If you are a Florida resident when you die and own any property in your own name without naming a beneficiary, your estate will be subject to administration, also known as probate. This is generally true whether you die with or without a valid will. A probate proceeding may also need to be initiated if you own real estate with another person. However, probate may be avoided by owing property in a revocable living trust.
What happens during a probate proceeding?
The overall goal of probate is to transfer assets from your estate to beneficiaries as directed in your will or in accordance with state intestacy laws. State intestacy laws will also likely determine who gets your property if your will is found to be invalid.
What happens if a beneficiary dies before you do?

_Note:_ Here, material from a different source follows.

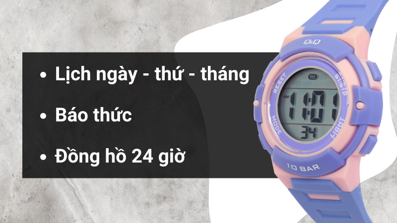 - Được trang bị nhiều chức năng hữu ích như: Bấm giờ thể thao, múi giờ thứ 2, báo thức, đèn nền, lịch thứ, ngày, tháng và đồng hồ định dạng 24 giờ

In most cases, you must name your spouse as the beneficiary of a 401(k). If they were to die before you do, the asset would go back into your estate, assuming that there were no alternate beneficiaries with claim to it.
Ownership rights to a home can be passed through a will or trust
If a home is titled as a tenancy in common, your ownership interest in that property isn’t necessarily acquired by the other owner or owners. Instead, you have the option of passing it to an adult child or anyone else who is legally allowed to receive and own property. In the event that the ownership interest is placed in a trust, there would be no need for probate as it is not being held in your estate.
A probate administration attorney may help you learn more about what the process entails. This attorney might review your will or other estate plan documents to determine if they adhere to state law. He or she may also answer any questions that your estate representative has about how to settle your affairs in a timely manner.